President Quirrell

April 23, 2018

The Morning Heresy is your daily digest of news and links relevant to the secular and skeptic communities.  

Oh no. At the National Post, Sharon Kirkey reports that homeopaths are pushing a “detoxification” treatment called CEASE, which, alas, is not what they will be doing. Instead, it stands for Complete Elimination of Autistic Spectrum Expression, where a treatment of—you guessed it—diluted vaccines are used to “cure” autism. Keep these people away from me.

Steve Salerno at WSJ looks at how the cancer treatment industry is pushing hard on advertising by peddling huge, heaping doses of false hope:

Ever since Oprah hand-delivered American culture to the gurus of empowerment in the 1990s, positivity has been hailed as the sine qua non of daily living. Amid this zeitgeist, merely to insist that objective facts and probabilities matter is to be labeled a gloom-and-doomer. But the war on cancer is not the place for pep talks and poetic license. We could do with more disclosure, less delusion.  

Scott Pruitt (Destroyer of Worlds) absolutely DID NOT MEET WITH THAT LOBBYIST AT THE EPA BEFORE GETTING THAT SWEET APARTMENT DEAL, except that he did. But other than that, he didn’t.

An EU court rules that churches can, in fact, discriminate in hiring based on belief for “occupational activities within churches and other public or private organisations the ethos of which is based on religion or belief.”

The Paris climate agreement’s goals for average global temperarture are based on the prospect of technologies that suck the carbon dioxide out of the atmophere, but as Wired reports, the problem is that we still don’t quite know how to do that on the necessary scale.
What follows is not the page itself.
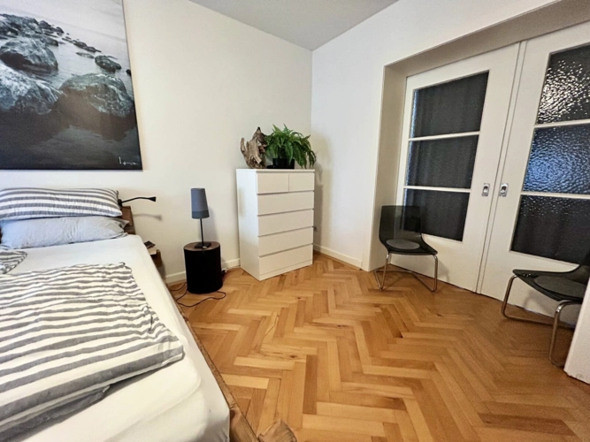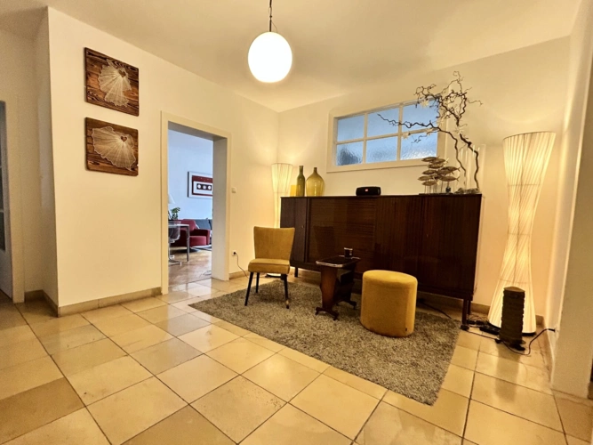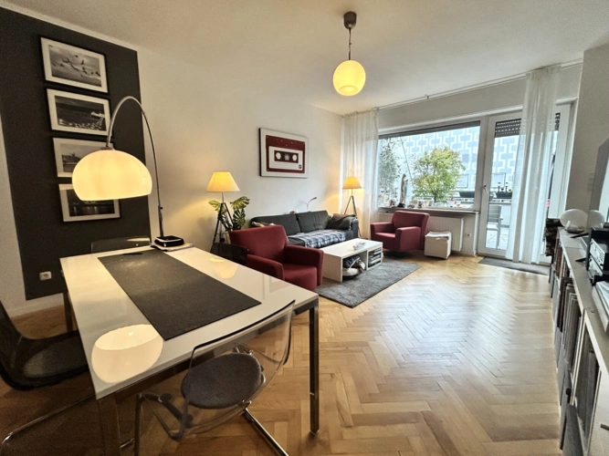 Highlight der Wohnung ist das etwa 28 m² große Wohnzimmer mit angrenzendem Essbereich, der rund 19 m² Fläche bereithält. Aktuell wird das Esszimmer als Schlafzimmer genutzt, was ebenfalls problemlos möglich ist.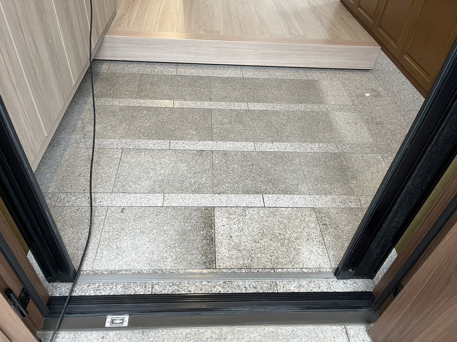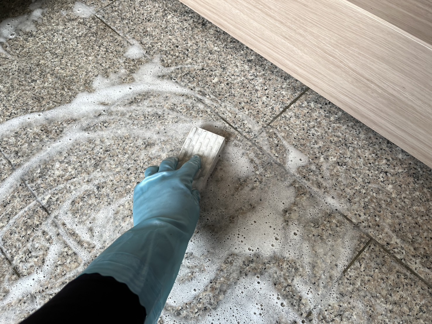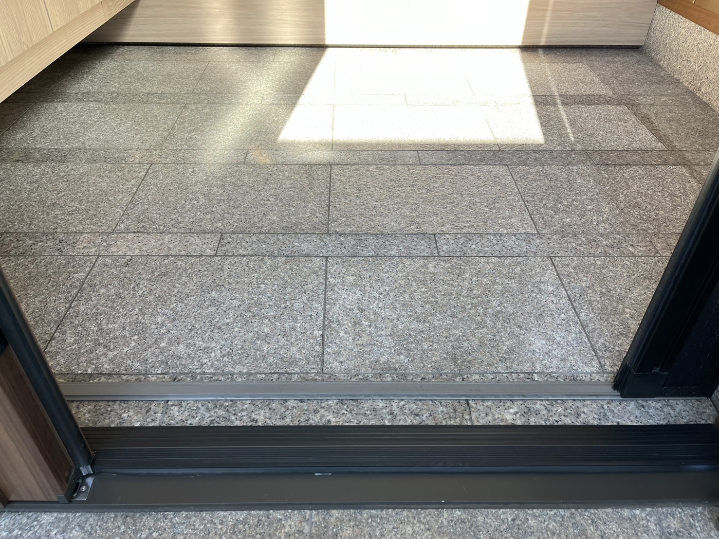 玄関土間はアルカリ剤、中性剤を使用しメラミンスポンジで擦り、水を流してモップで吹きあげキレイになりました。

Uh oh.  

Benjamin Knoll looks at a study on Mormons showing that after someone leaves the LDS church, their overall “spirituality” tends to drop overall, not just in terms of Mormonism specifically. Not a surprise per se, but interesting to see the numbers and to see how, as Knoll puts it, it’s difficult to be an ex-Mormon “none” who is “spiritual but not religious.”
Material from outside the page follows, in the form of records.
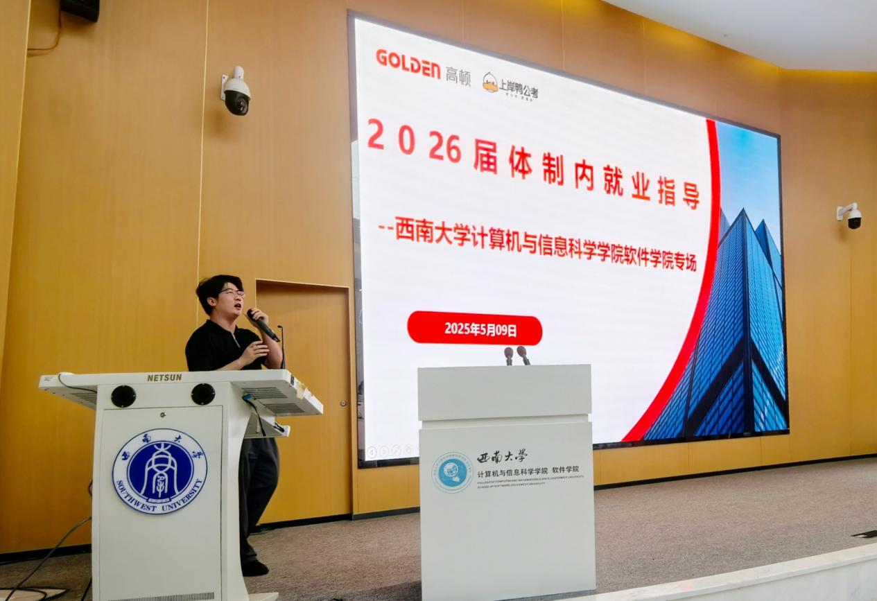 为精准对接学生的职业发展需求,助力学生高质量就业,2025年5月9日下午,学院联合高顿上岸鸭公考在25教学术报告厅举办“码上筑梦·公共部门就业指导”主题讲座。本次活动由高顿上岸鸭公考西南大区总负责人、高顿CDC职业发展中心资深特聘讲师罗凯老师主讲,学院2022级辅导员杨靖欣与200余名学生参加。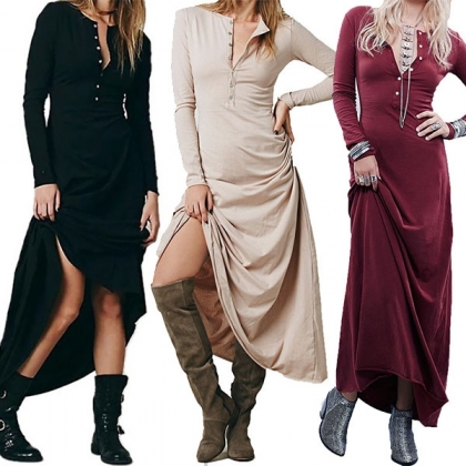 dress. It comes with a solid color,neckline part with buttons design will make it look more attractive and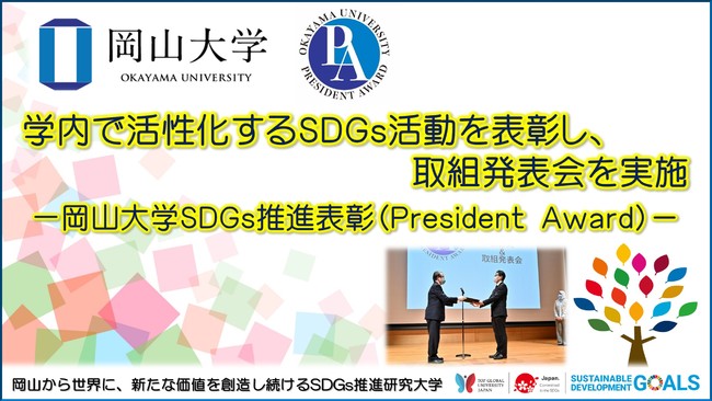 国立大学法人岡山大学(本部:岡山市北区、学長:槇野博史)は2022年1月18日、岡山大学SDGs推進表彰(President Award)の表彰式および取組発表会を創立五十周年記念館で実施しました。この推進表彰はSDGs推進本部が学内におけるSDGs推進のための取り組みを普及推進することを目的に実施。今年度は、教育、研究、業務、学生グループの4分野から取り組みを募集し、16件の申請の中から優秀賞6件、奨励賞5件の計11件を表彰し、それぞれの取組内容について発表が行われました。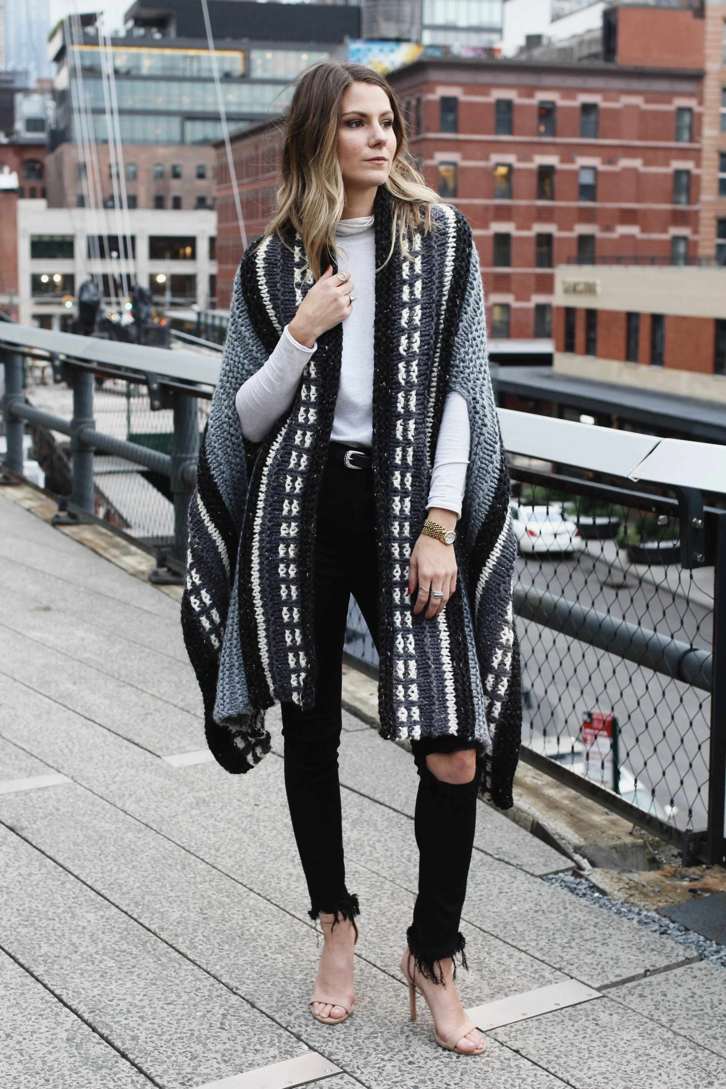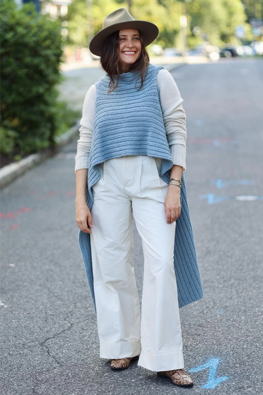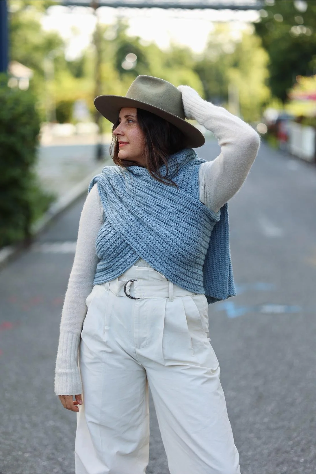I’m no stranger to a garment shaped like this, having designed my crochet Saddlebrook Cape Scarf in 2016 and the knit Alphabet City Cape Scarf in 2018. These two designs have a wider fabric with armholes at elbow level, creating a silhouette that’s more like a shawl. This style can really only be worn in one way, but it’s such a cozy concept and the placement of the armholes helps keep the shawl in place, almost like a wearable blanket!

Hey, you know, it’s easy to be all upset with Abraham for being SO READY to murder his son for God, but hey, it’s not like he went through with it, right? …. Right? Candida Moss at The Daily Beast writes:

Some scholars … argue that the version of Genesis 22 found in our Bibles was originally put together from more than one source. In at least one of those, the argument goes, Isaac ended up dying.  
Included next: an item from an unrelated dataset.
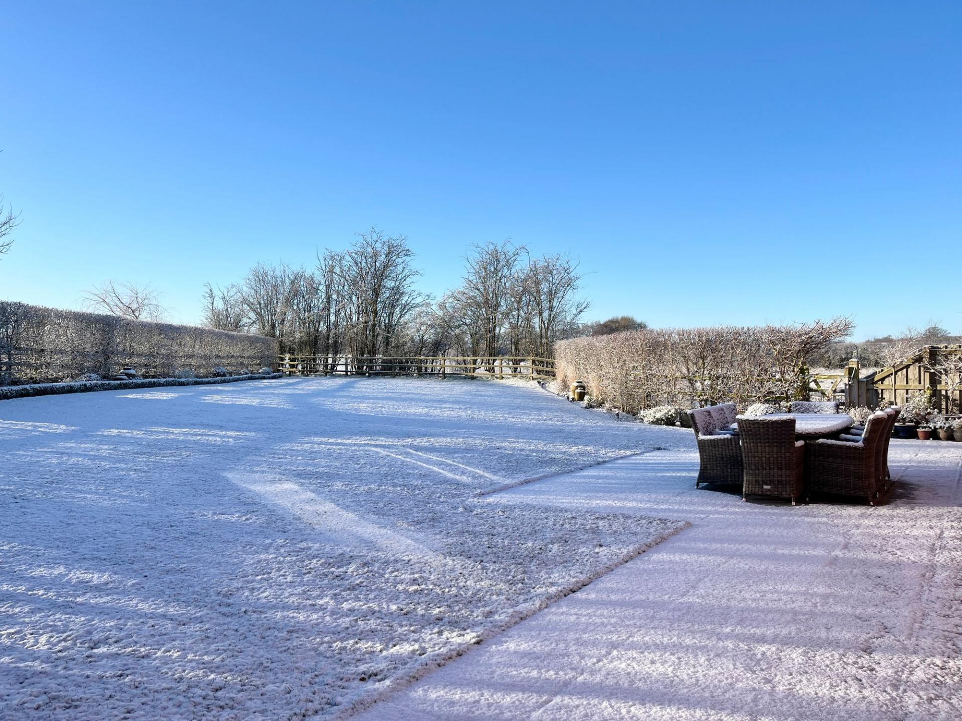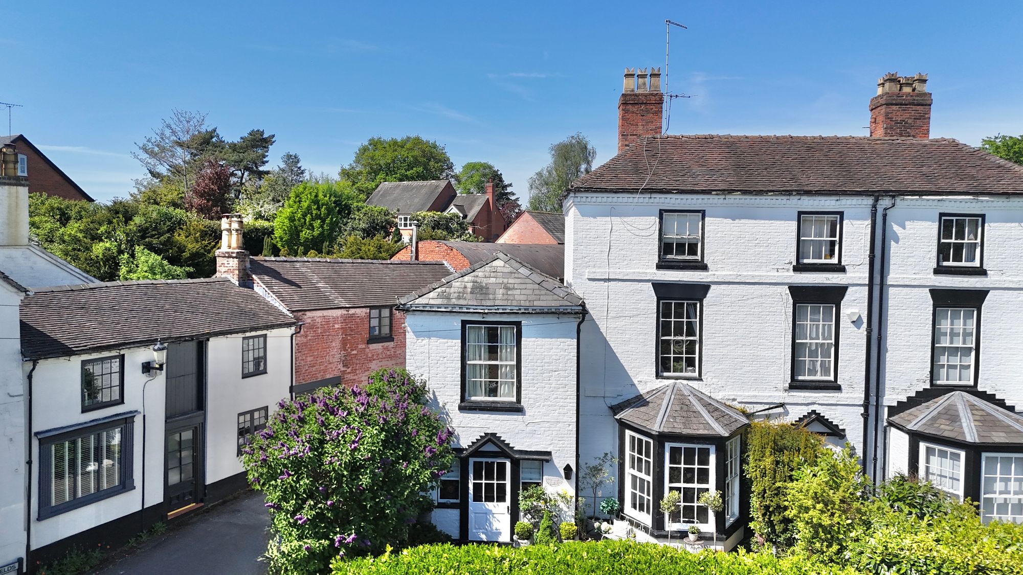 - Large private 400 square meter garden with patio, shed, and private garage with separate visitor parking in a sought-after Burleydam village location.

Jon Cruddas at The New Statesman says humanists on the left need to reject the techno-utopian ideals of what he calls “cyborg socialism.” Reject the cyborgs? Pfft, you first, dude. Tell me how that goes for you.

Hot take: Atheists and evangelicals? They’re the same, man! 

Susan Gerbic writes about how former-famous person Nancy Grace once lashed out at fake psychics praying on the credulous, but now seems to fall for readings from “grief vampire” Tyler Henry.

The superhero team (which is neither super nor contains heroes) POTUS Shield prays for Trump on Jim Bakker’s show in order to protect him from “witches and warlocks.” I did not make that up. Now I’m going to keep expecting to see Voldemort’s face writhe out from the back of Trump’s head, from underneath all that “hair.”

The Southern Poverty Law Center, which just nixed its not-so-well-received “anti-Muslim” list, now issues a report on how those on the alt-right find their way in, calling out Sam Harris (who we know they really don’t like) and, quite strangely, the “skeptics’ movement.”

You know what would be cool? If you could 3D-print self-aware robot squids…. What’s that?… I take it back. Bad idea BAD IDEA.